Everyone knows what virtual reality is. At the very least, people know it’s something that involves wearing a headset, and experiencing something other than reality. “Mixed Reality” is a much less familiar term, and before diving deeper into it, I’ll provide a quick description of what I mean by it (the definitions tend to vary).
“Mixed reality” is when you film a real human interacting with a virtual environment.
My first introduction to mixed-reality was through this very cool trailer, made by Framestore CFC for Tilt-Brush, a VR based 3D drawing application made by Google.
At first, I thought it was merely a clever use of visual effects to depict the VR user-experience, meaning a team of visual effects artists took an existing pre-recorded video of the user and added computer graphics that represented (maybe very closely) the content that the user saw in their headset. And I happened to be right in that case. But right after, I saw this Fantastic Contraption Mixed Reality Gameplay Footage, made by Kert Gartner. Kert is one of the early pioneers of mixed reality (and was kind enough to help me in my early research), and his videos clearly show graphics taken directly from the virtual reality application combined with video footage of the user.
Real-Time Camera Tracking was never this cheap
What I found most exciting in Kert’s videos was how freely the camera was moving around the user, and how “planted” the user was in the CG environment - a feat that visual effects artists call “camera tracking,” which is traditionally done either using expensive infrared sensors mounted on trusses around a movie sound-stage, or at a later stage on the computer using high-end visual effects software. Even still, given how laborious it can be to achieve a seamless camera match, camera tracking is often avoided in low-budget productions.
The cool thing about moving the camera around a virtual reality user, I realized, is that the same head tracking technology that is crucial for a room-scale VR experience (the small infrared sensors dotting the HTC Vive headset and controllers) can be utilized to accurately track a camera as well. In layman’s words, camera tracking is a byproduct of any room scale VR setup. Moreover, it works in real-time, with extremely low latency.
Kert actually documented his process in a few cool behind-the-scenes videos that greatly inspired me.

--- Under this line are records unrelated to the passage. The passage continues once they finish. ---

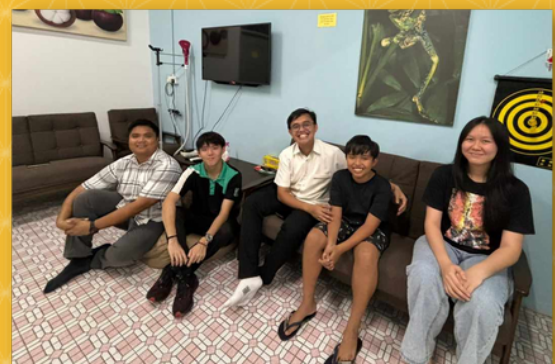
January 29: The Hostel students studying at Saint Joseph International School.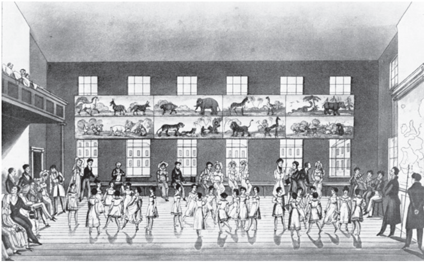
Fig. 1. The School at 'New Lanark'.

cational circumstances, one could 'produce' right-minded and benevolent people. 24 Over the years 'New Lanark' – promoted by Owen in his theoretical essays as a solution to the problems of industrialization 25 – developed into a much-admired model plant, which was visited by many social reformers and even statesmen. Interestingly, it also became a great commercial success. But while his enterprise was still based on the relation 'employer – worker', the former being generous to the latter, Owen's attitude changed step-by-step from that of a liberal reformist to one that was increasingly socialist.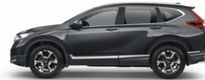
Modern Steel Metallic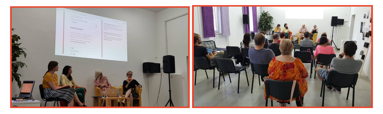
FIGURE 7. COMMONFARE EVENT, PULA, CROATIA

In terms of promotion of commonfare.net platform, this event was a success, as we had an opportunity to present it to relevant stakeholders in the region of Istria, a Western part of the country, where the housing crisis is especially strong with significant consequences for the population, especially youth, the unemployed people and those in precarious working conditions.<sup>19</sup>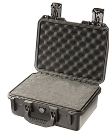
iM2100-X0001 With Foam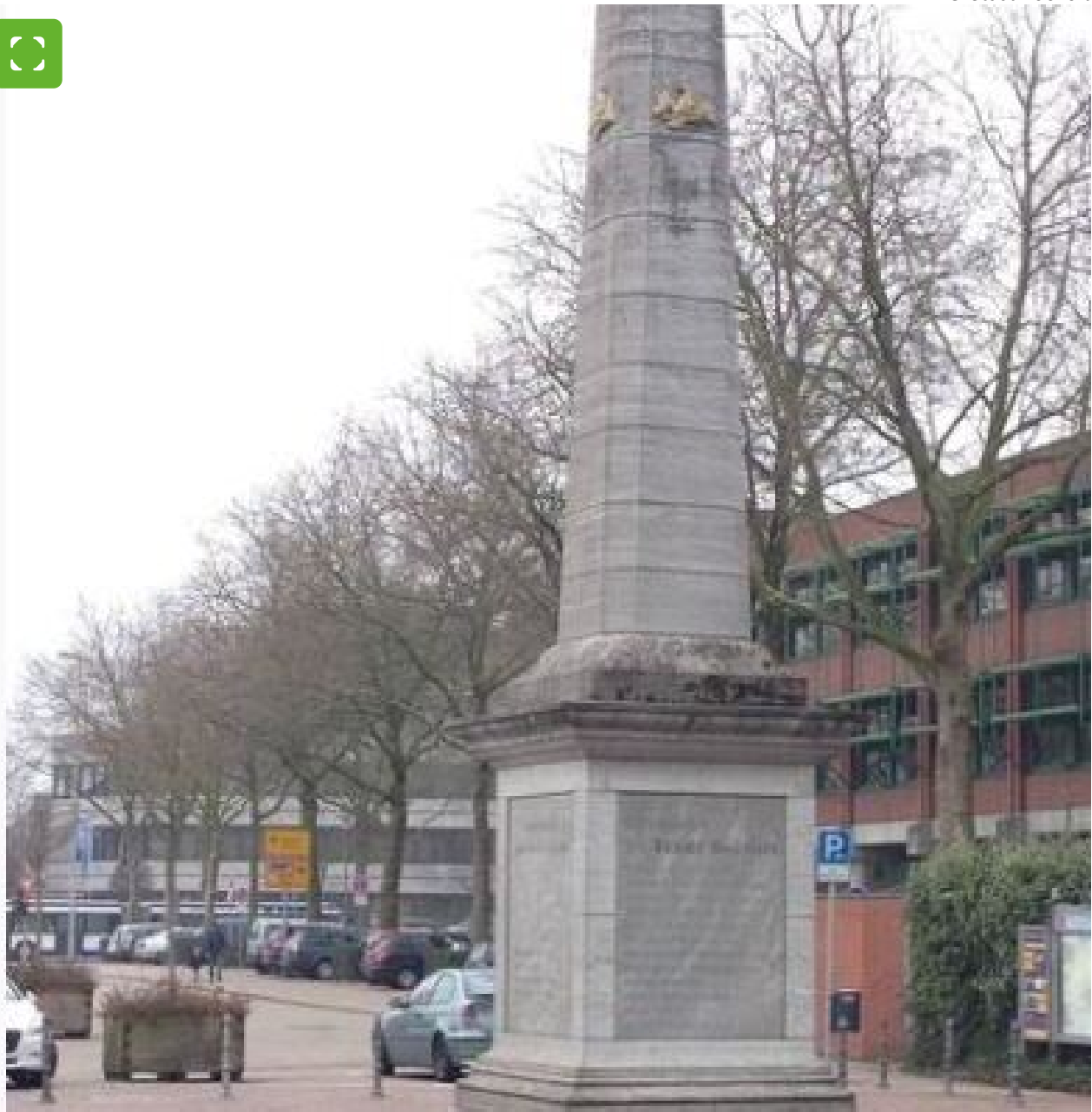
Obelisk on Berliner Platz in Bocholt

The obelisk in front of the town hall on Berliner Platz is a replica of a Prussian milestone on Berliner Platz, built in 1985. It is 470 km from its location to Berlin. For a long time, Berliner Platz was a "symbol of post-war urban development" and in this respect was characterised by sober reconstruction.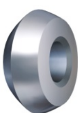
Regular cutting wheel on other glass cutting tools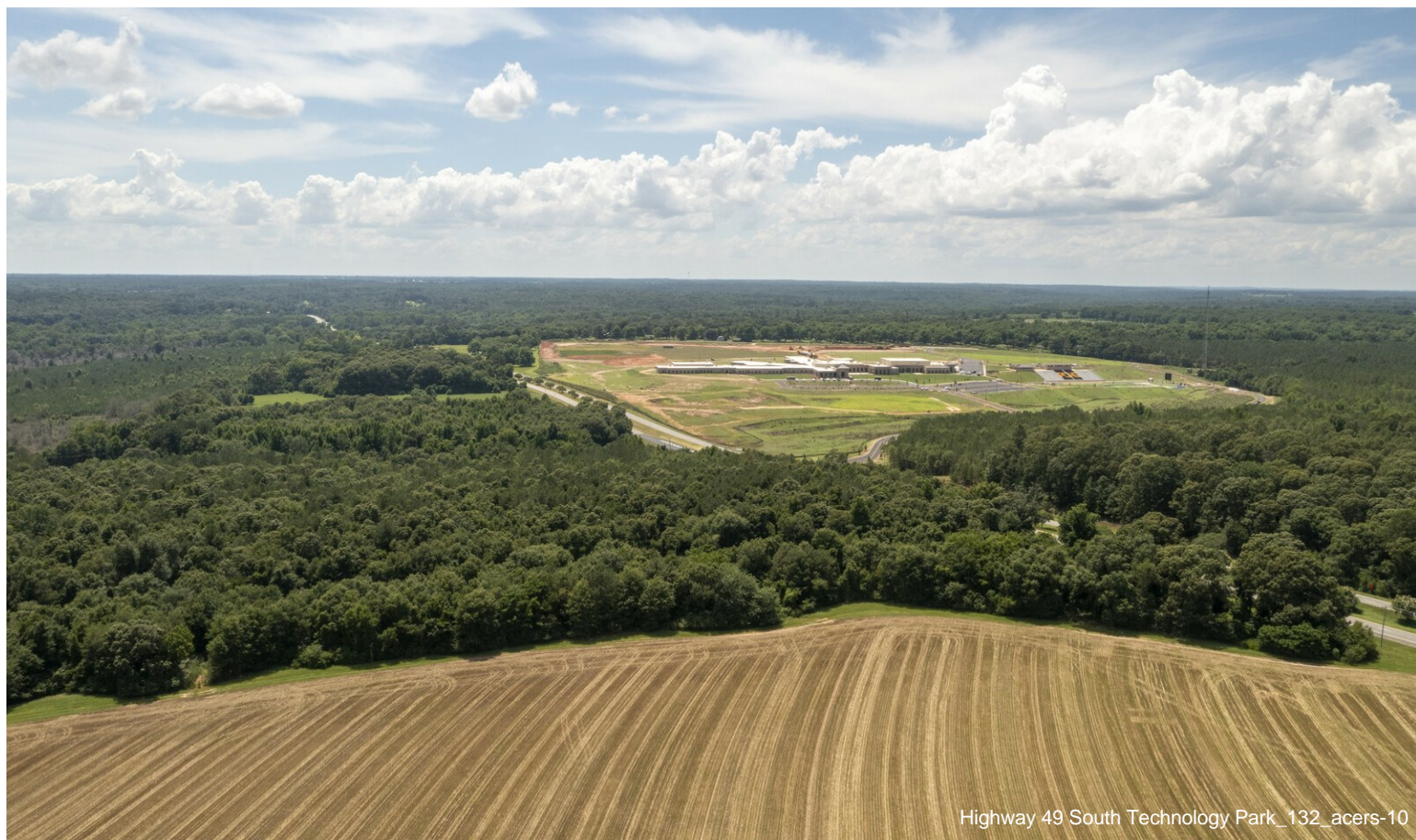
Highway 49 South Technology Park_132_acers-10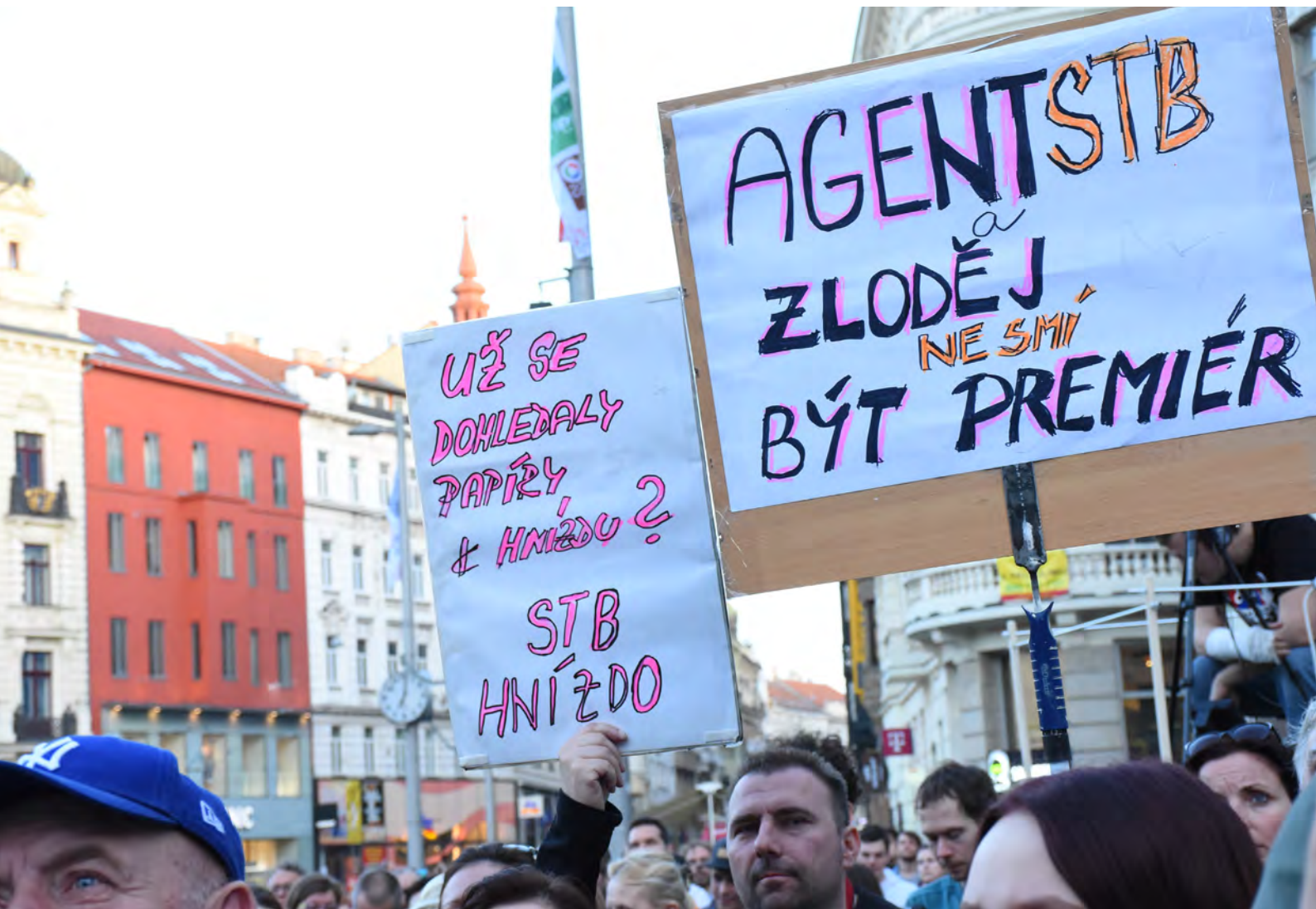
Protests against Andrej Babiš [3]

communist repressions requires a much broader investigation of the micro-histories of individual collaborations in their particular context.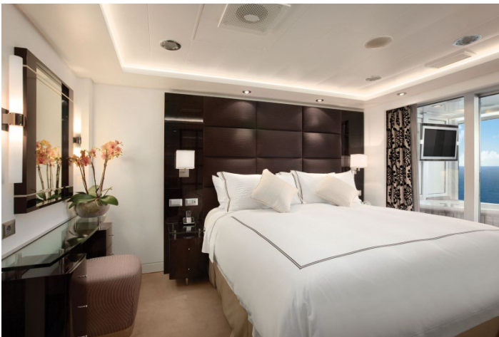
Oceania Suite $10,198 Square footage: Approx. 1,000 sq ft (including balcony)

Extras: Complimentary 24-hour Butler service, exclusive access to Executive Lounge staffed by a Concierge, priority check-in and early embarkation, priority luggage delivery, priority restaurant reservations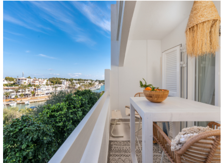
Balcony with sea views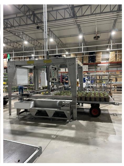
Figure 1 . (Left) Ergonomic sticking tables, (center) potting line, and (right) a Gantry robot machine <a href="https://www.sagerobot.com/gantry-robots/">https://www.sagerobot.com/gantry-robots/</a>

We use 3 sizes of trays: 72, 40 and 28. We run our trays through the tray filling machine, after filling, the media is irrigated once before sticking. Each seated team member will take one tray from the conveyor above and place it directly in front of them on their table for ease of sticking. After the tray is filled, it will be placed back on the conveyor to head to the next irrigation point before being placed on a grow rack. Once the trailer is full, the grow rack heads out to the liner area. Our trailers are pulled by battery powered tuggers ( Fig. 2 )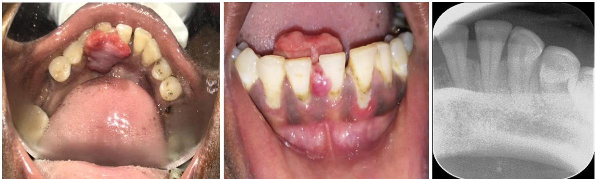
FIGURE 1: INTRAORAL VIEW OF THE LESION (LINGUAL) FIGURE 2: INTRAORAL VIEW OF THE LESION (BUCCAL) FIGURE 3: INTRA-OPERATIVE PERIAPICAL RADIOGRAPH OF THE LESION

no visible abnormalities were seen and the alveolar bone in the region of the growth appeared normal. Routine hemogram was found to be normal. A provisional diagnosis of pyogenic granuloma was made. Its differential diagnosis includes peripheral ossifying fibroma, peripheral giant cell granuloma, hemangioma and fibroma.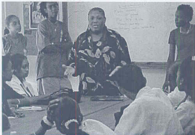
RAPPORT facilitators engaging students in a discussion on Sexuality and HIV/AIDS

The Centre participated in the UWI's (University of the West Indies) annual Open Days, in which the University "opens" its doors to secondary schools and the general public, with a very successful booth display and programme of activities held at the Centre's Seminar Room. This year activities included rap sessions on HIV/AIDS and sexuality facilitated by Rapport of the Ministry of Health. This group is an outreach and education arm of the Ministry on HIV/AIDS and is staffed primarily by young women and men who use popular theatre methodology to educate young people on HIV/AIDS.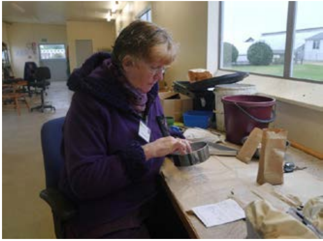
from Otari-Wiltons Bush) from debris.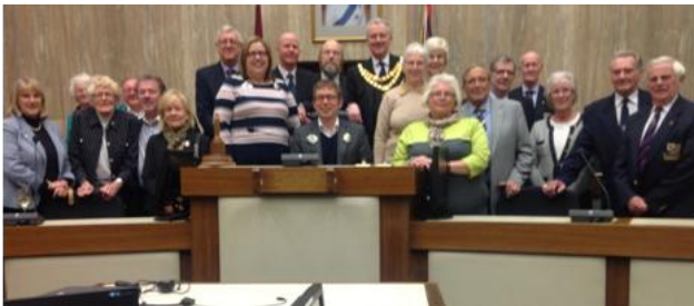
In the hot-seat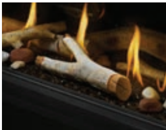
Birch log kit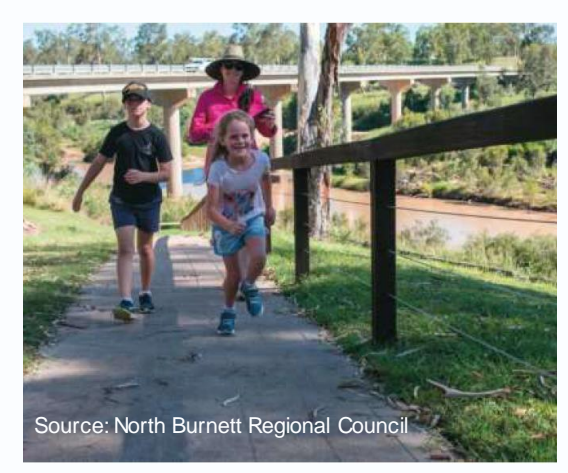
Shade and handrail Mundubbera

Create accessible and inclusive transport network that is welcoming and encouraging to all ages and abilities to travel by active modes. Design walking environments that encourage and facilitate independence for children and older people, and that are responsive to needs and provide contact with nature.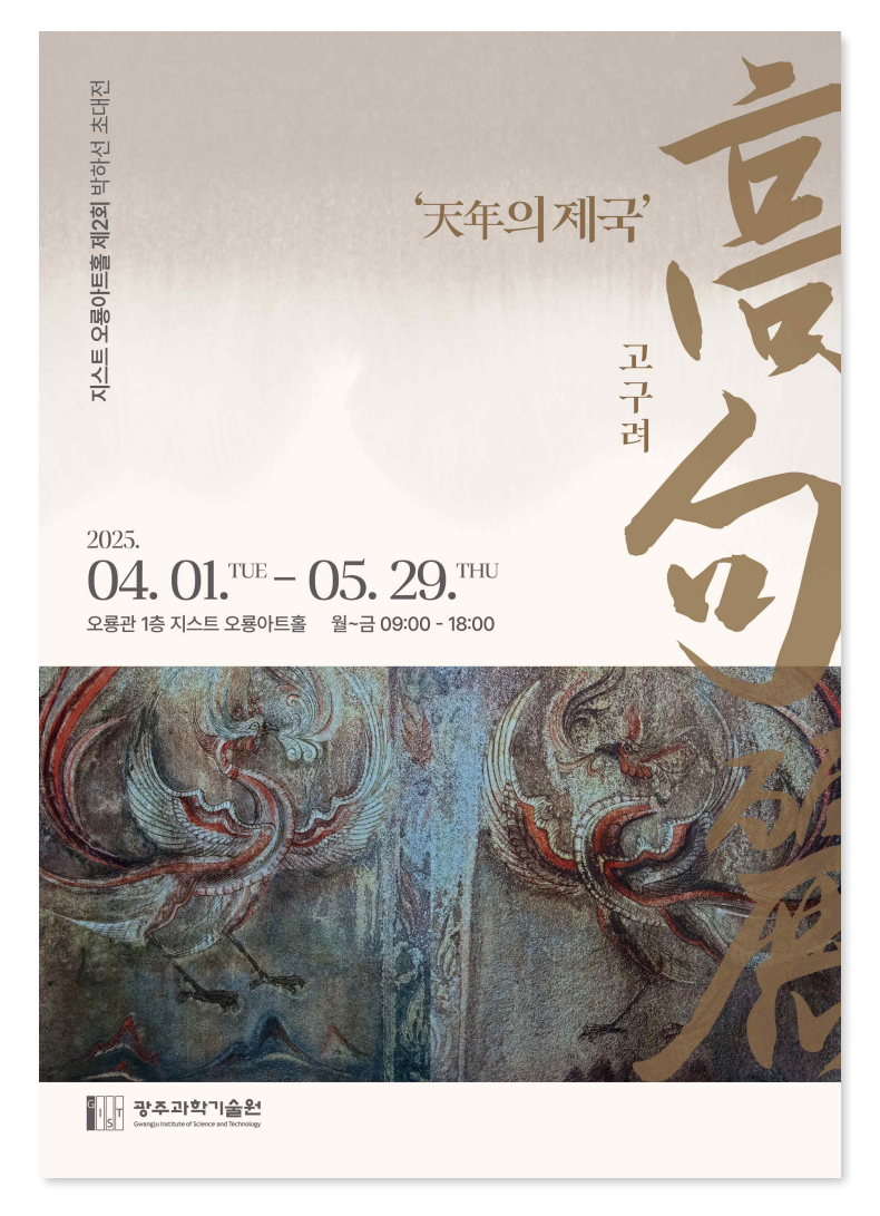
▲ Poster for the 2025 Oryong Art Hall 2nd Exhibition 'Goguryeo'

- Ha-seon Park, who has established a unique position as a documentary photographer by recording life and culture in remote and conflict-ridden areas around the world, explores Goguryeo ruins over a 10-year journey... until May 29th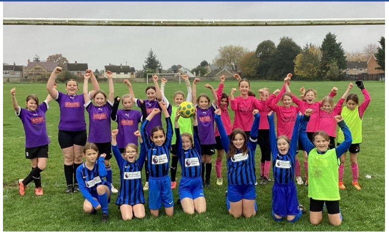
Year 5/6 Girls @ The Bicester School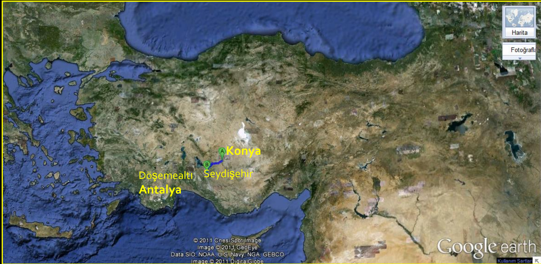
Konya and Antalya Provinces in map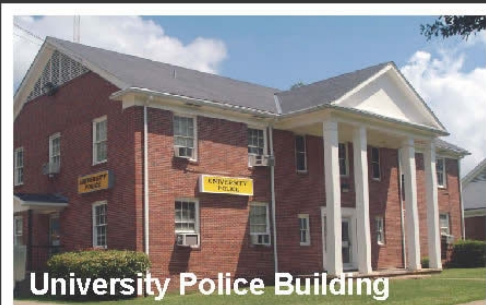
University Police Building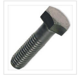
Galvanized Mild Steel Hex Bolt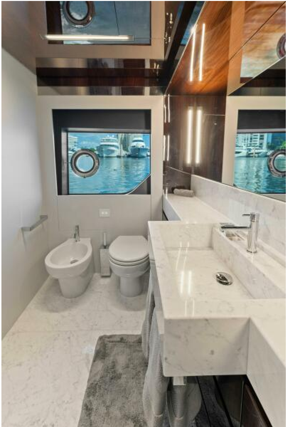
Riva Dolce Vita 110 - VIP Ensuite 2024 Riva Dolce Vita 110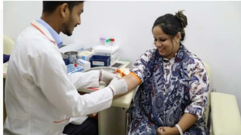
A woman sees a doctor at a facility in Bangladesh.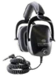
Prostar Headphones Page 29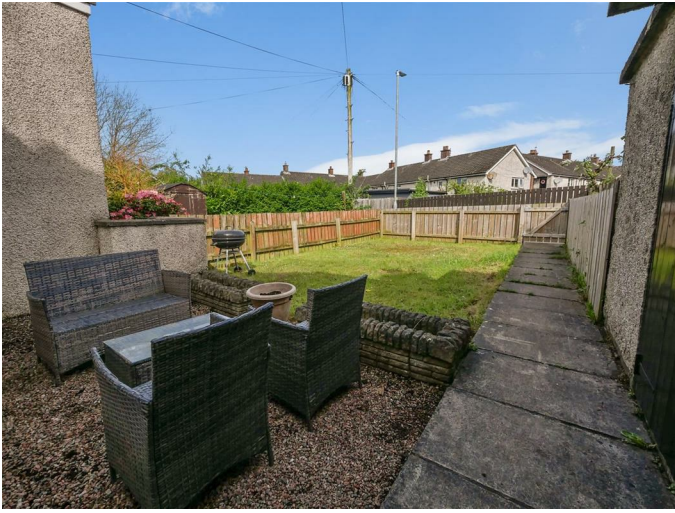
Gardens to the rear laid in lawn with additional loose stone area, outhouse with storage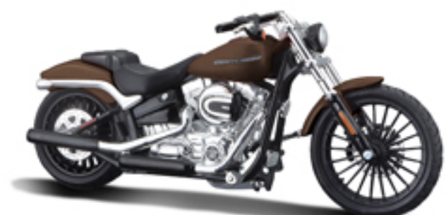
2016 Breakout ®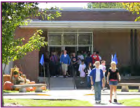
Krueger Dining Hall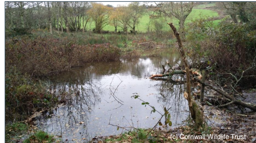
Two months later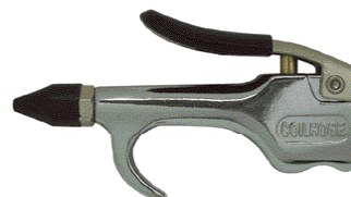
Rubber Tip 601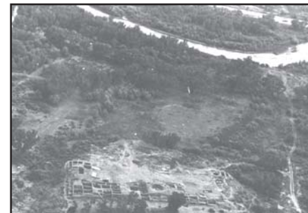
Aerial photograph showing Salmon's close location relative to the San Juan River.

Next General Meeting: September 17, 2007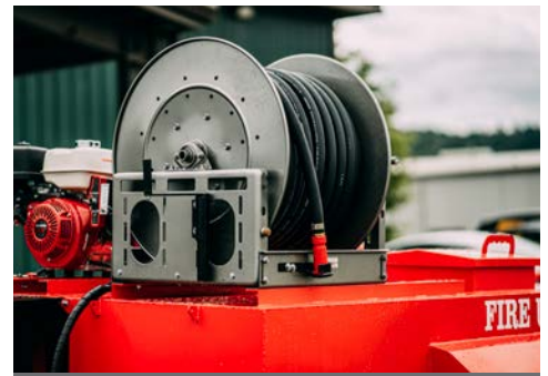
Hannay's 1-1/2 inch power or manual rewind hose reels are mounted to trailers for a wide variety of water applications.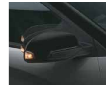
ORVM (heated) with electric adjust and folding

Around that same time, a producer came to me asking if I could create something similar to the Tilt Brush trailer (using the Tilt Brush app), and that’s when I decided to roll up my sleeves and give this process a shot myself.
The basics of shooting mixed reality content
I had very recently bought my first VR kit, HTC’s Vive which includes a headset, two “Vive controllers” (the VR equivalent of a joystick) and two “base stations” (infrared beacons used to pinpoint the headset and controllers’ position in the room).
In order to track my physical camera using the Vive system, I would have to attach one of my controllers to the camera and have the computer move a “virtual camera” based on that controller's’ position and orientation (aka “transformation”). Luckily, just a few days earlier, a third Vive controller arrived in the mail (I ordered it after incapacitating one of my original controllers by thrusting it into my living room wall while playing VR). In the meanwhile I had managed to fix my broken controller so I now had three working controllers. Coincidence?
It sounded simple in theory, but there were a few immediate obstacles:
The controller and camera couldn’t possibly be in the exact same position. Even when attached, they are inherently next to eachother, and that positional offset would need to be matched somehow by the corresponding virtual camera.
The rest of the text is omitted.